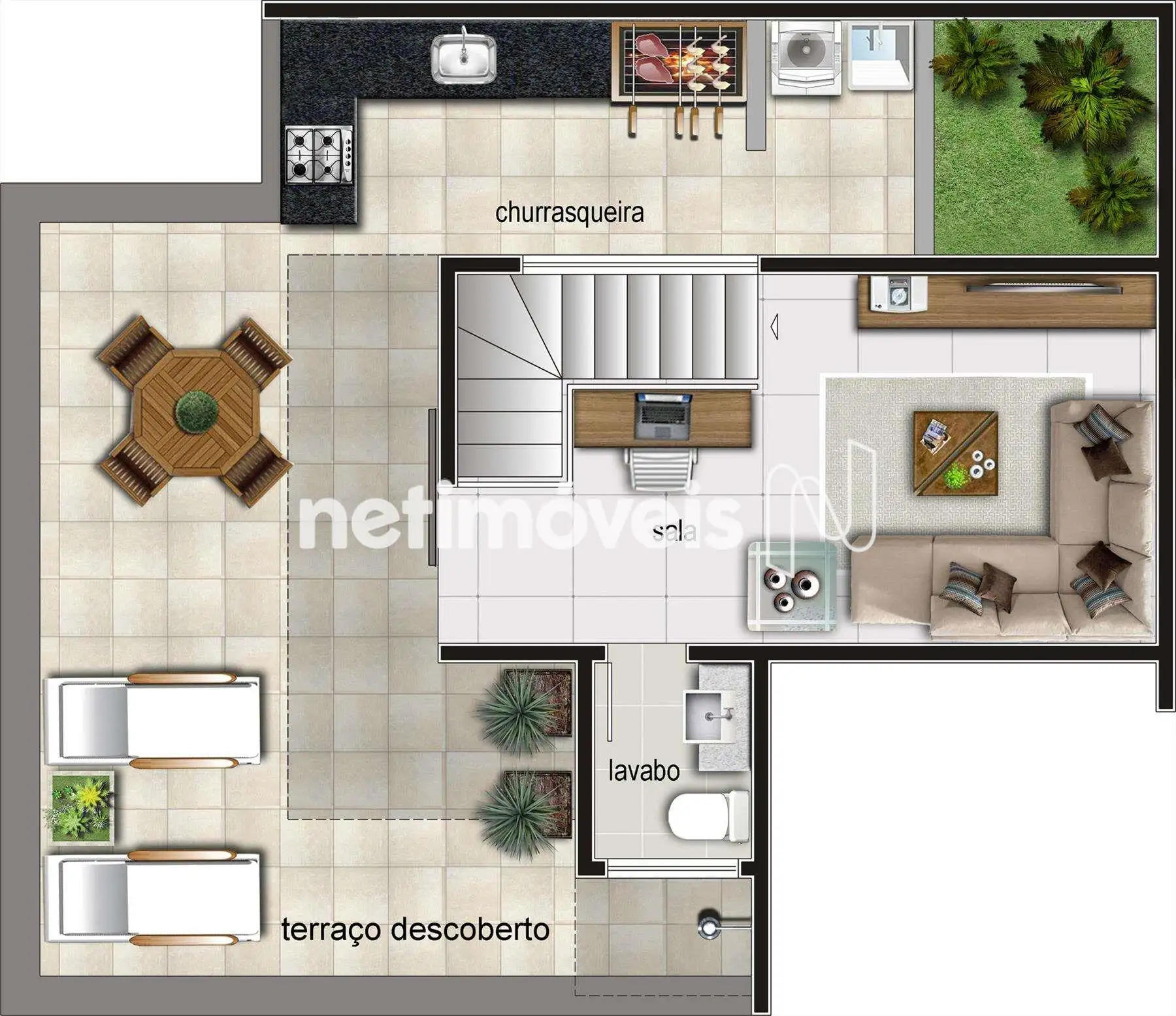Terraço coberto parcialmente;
...
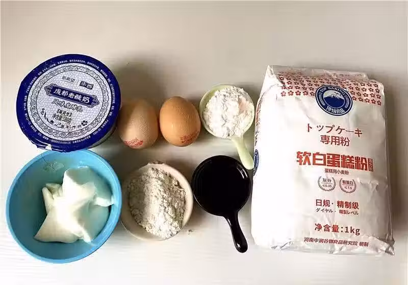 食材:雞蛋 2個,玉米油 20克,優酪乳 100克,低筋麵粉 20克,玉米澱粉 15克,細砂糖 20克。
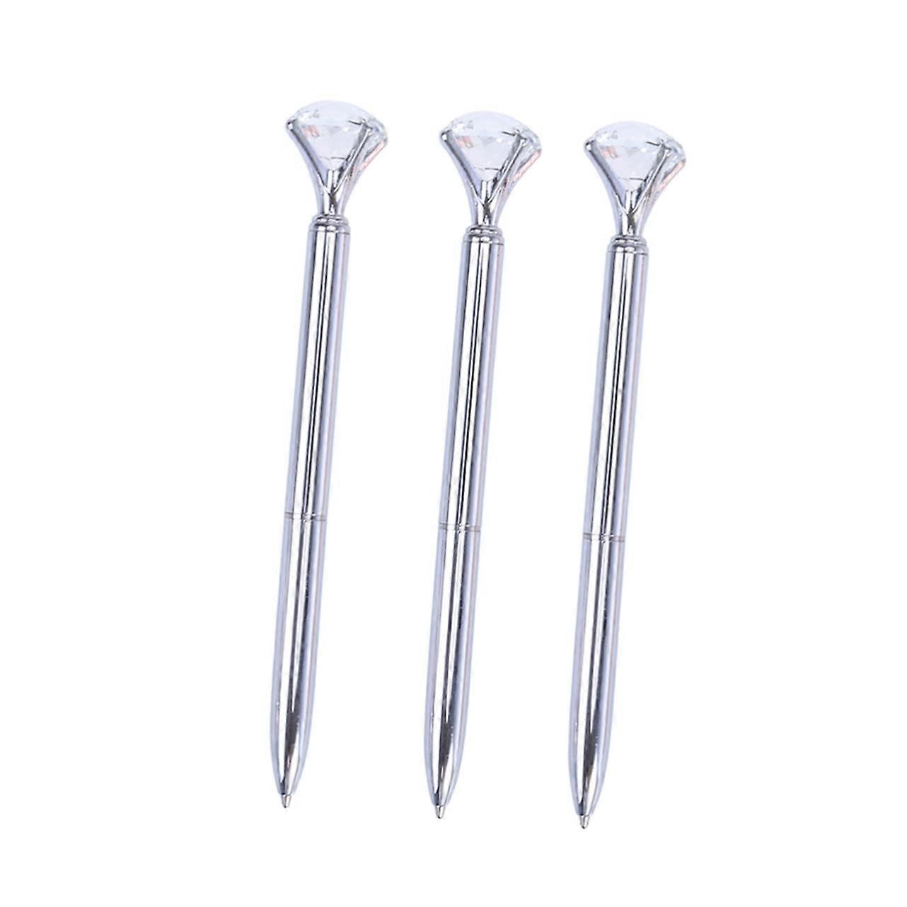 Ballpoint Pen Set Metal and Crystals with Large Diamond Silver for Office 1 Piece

## Task to complete
Skipping every picture, transcribe exactly the lines above from the one containing "食材:雞蛋 2個,玉米油 20克,優酪乳" through the one containing "Ballpoint Pen Set", both included.

## Answer box
 食材:雞蛋 2個,玉米油 20克,優酪乳 100克,低筋麵粉 20克,玉米澱粉 15克,細砂糖 20克。
 Ballpoint Pen Set Metal and Crystals with Large Diamond Silver for Office 1 Piece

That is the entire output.